> What you will do: The lines to copy run from the one containing "Черный лонгслив с" to the last line of the entries; output those lines exactly and only them, without pictures.

> Dataset:
-=-=-=-=-

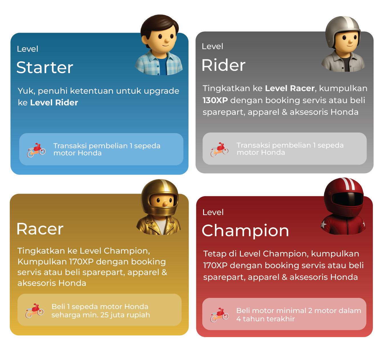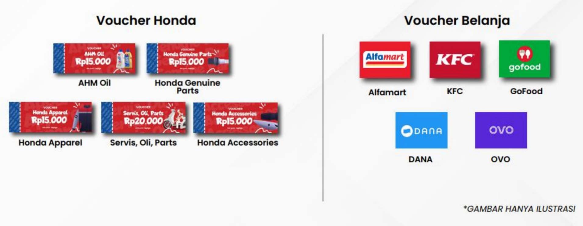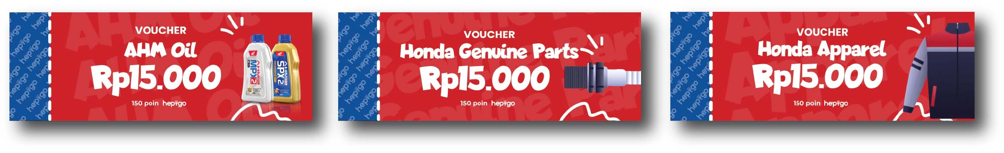 2. Dapat ditukarkan dengan voucher untuk memotong transaksi pembelian motor, servis, apparel dan aksesoris sepeda motor Honda di Dealer resmi
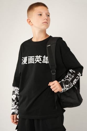 Черный лонгслив с винтажным вареным эф..показатьфектом для мальчиков и мальчиков подростков — выбор для тех, кто ценит свободу и уличную эстетику.
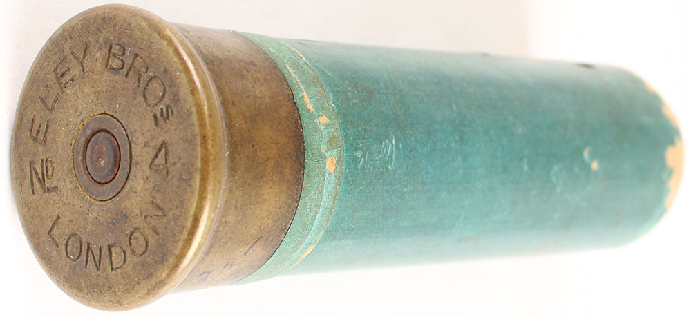 H/S= ''ELEY BROS London No 4'' 3 3/4'' OAL, loaded green paper case. Grade: Very Good - Value: 10 to 50
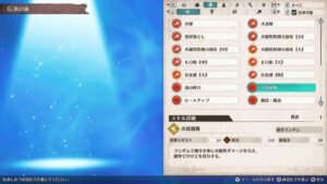 | 孵技:緋の心得 | 20 | 味方全体に会心率アップ。使うたびに効果が累積上昇。 |
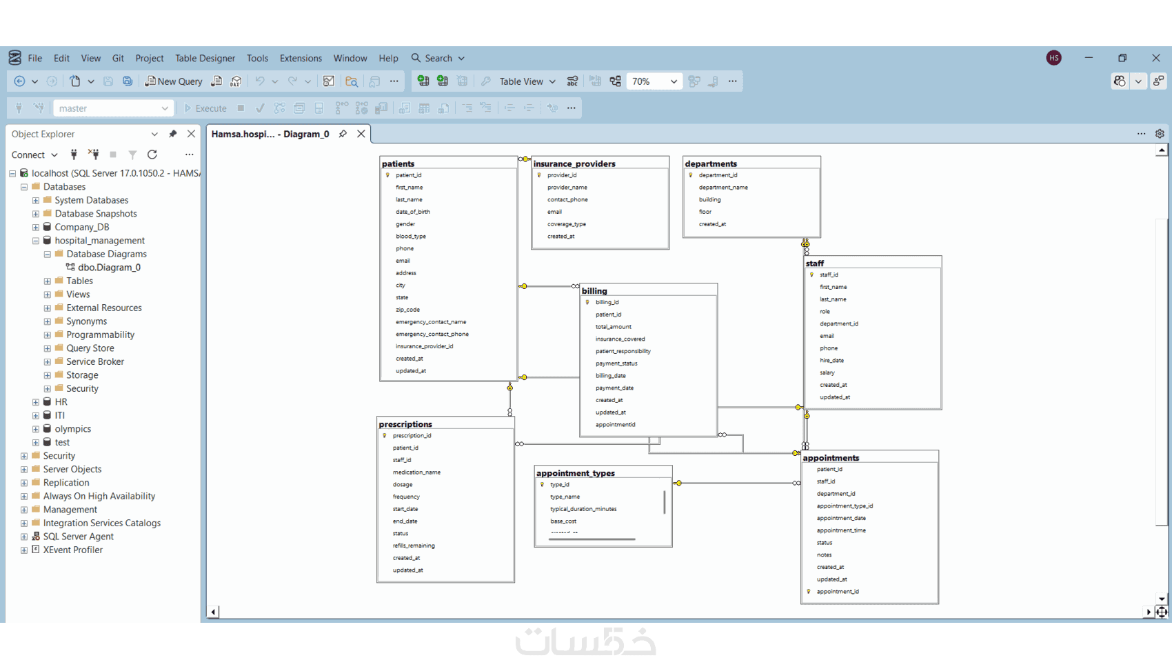 - بناء 5 جداول: إنشاء الجداول بتنسيق احترافي مع ضبط أنواع البيانات والقيود (Constraints) في MS SQL Server.

-=-=-=-=-

> Expected output:
 Черный лонгслив с винтажным вареным эф..показатьфектом для мальчиков и мальчиков подростков — выбор для тех, кто ценит свободу и уличную эстетику.
 H/S= ''ELEY BROS London No 4'' 3 3/4'' OAL, loaded green paper case. Grade: Very Good - Value: 10 to 50
 | 孵技:緋の心得 | 20 | 味方全体に会心率アップ。使うたびに効果が累積上昇。 |
 - بناء 5 جداول: إنشاء الجداول بتنسيق احترافي مع ضبط أنواع البيانات والقيود (Constraints) في MS SQL Server.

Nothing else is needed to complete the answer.